9. Eleanor Roosevelt, The Franklin Delano Roosevelt Memorial
The FDR Memorial is designed as open rooms, each representing one of Franklin D. Roosevelt’s four terms as president. Room Four highlights FDR’s death in 1945, and also features a statue of Eleanor Roosevelt, the only First Lady to be depicted in a presidential memorial. She deserves her own recognition apart from the accomplishments she shared with her husband: Eleanor, an activist and mother of six, was the first U.S. delegate to the United Nations and helped craft the UN’s Declaration of Human Rights.
For more about First Ladies throughout history, visit the National Museum of American History’s permanent collection of inaugural dresses (and in Biden’s case, a matching face mask), White House china, and other memorabilia.

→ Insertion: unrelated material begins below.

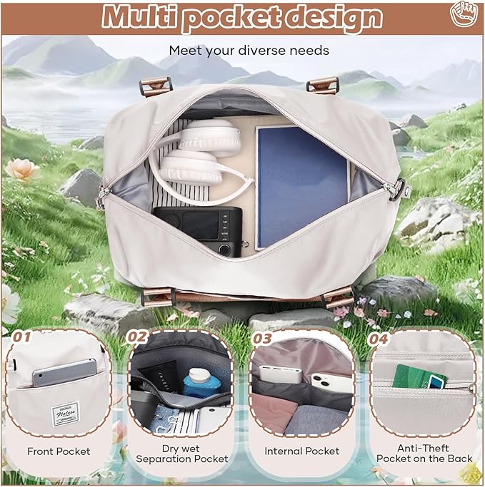 Gym Bag Womens Mens with Wet Pocket, Travel Duffel Bag for Plane, Sport Gym Tote Bags Swimming Yoga, Waterproof Weekend Overnight Carry on Bag Hospital Holdalls,Off White

10. Jane Delano, American Red Cross headquarters
Jane Delano is regarded as the founder of the American Red Cross during World War I. She served as superintendent of the Army Nurse Corps from 1909 to 1912, and was the chairman of the new National Committee on Red Cross Nursing Service. Delano, who is also credited with creating the first volunteer nursing unit, is memorialized with a bronze statue standing in the courtyard of the Red Cross’ national headquarters. The plaza, located between 17th and 18th Streets and D and E Streets NW, also features a statue of a woman nurse helping three wounded men.
In her sculpture, Delano appears as a hooded, Mary-like figure, with hands outstretched; the stone base dedicates the piece to 296 nurses who died in the war. A long white stone bench unfurls to Delano’s sides, carved with the words: “Thou shalt not be afraid for the terror by night, nor for the arrow that flieth by day, nor for the pestilence that walketh in darkness, nor for the destruction that wasteth at noonday.”